Dieckmann et al., and Steiger et al., reported that 91% and 84% of the patients, respectively, were pain-free after treatment with percutaneous glycerol rhizotomy. The two series, however, reported the risk of developing complications, including facial hypoesthesia in 45% and 44% of their patients, respectively. This shows that the treatment with percutaneous glycerol rhizotomy is associated with a relatively high risk of complications. Also, the duration of pain relief was not found to be a long-lasting one with the local procedures. Compared to these local procedures, gamma knife radiosurgery may provide an effective treatment option with a low risk for the patients.
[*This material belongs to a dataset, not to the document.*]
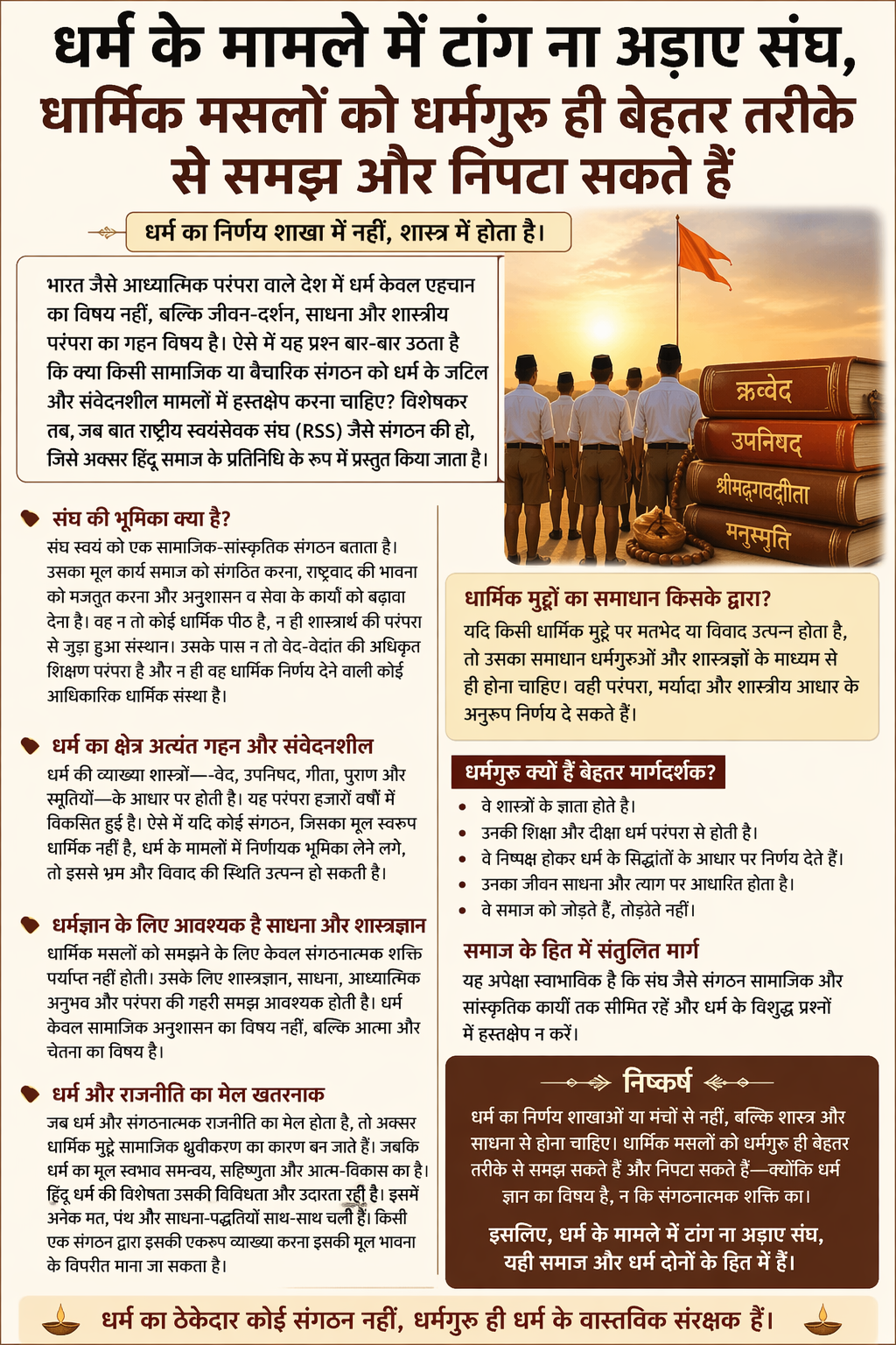 यदि किसी मंदिर, परंपरा, पूजा-पद्धति, शास्त्रीय विवाद या धार्मिक निर्णय का प्रश्न उठता है तो उसे धर्मगुरुओं के माध्यम से सुलझाया जाना चाहिए। धर्माचार्य ही यह बेहतर तरीके से समझ सकते हैं कि धर्म की वास्तविक भावना क्या है और उसका समाधान किस तरह होना चाहिए। संघ का काम समाज को संगठित करना हो सकता है, लेकिन धर्म के निर्णय देना या धर्म का ठेकेदार बनना न उसका अधिकार है, न उसकी क्षमता।

The standard therapy of TN with a vascular compression of the fifth cranial nerve is MVD. Tyler-Kabara et al., investigated 1185 patients with TN who underwent MVD. The mean follow-up duration of the patients was 6.2 years. After 1 year of treatment, 80% of the patients were pain-free. After a follow-up duration of 10 years, 70% of the patients were pain-free. MVD therapy is more invasive compared with radiosurgery, but shows a higher control rate of the disease and a faster time to recovery from the TN.,, On the contrary, older patients and those with comorbidities would have a higher risk of surgical complications. Gamma knife radiosurgery provides an effective and a noninvasive treatment option for this group of patients.
We report our preliminary results on patients with TN treated with gamma knife radiosurgery. Our study has some limitations. The number of patients in our recruited cohort was limited and we did not have a long-term follow-up of these patients. Also, we did not compare the outcome of gamma knife radiosurgery with that of other treatment options including MVD and local procedures.
Our results suggest that gamma knife radiosurgery provides an effective treatment option in patients with TN with an acceptable complication risk rate. Further studies with larger cohorts are warranted to assess the long-term results of gamma knife treatment in patients with TN.
The authors declare no conflict of interest and no financial support was received.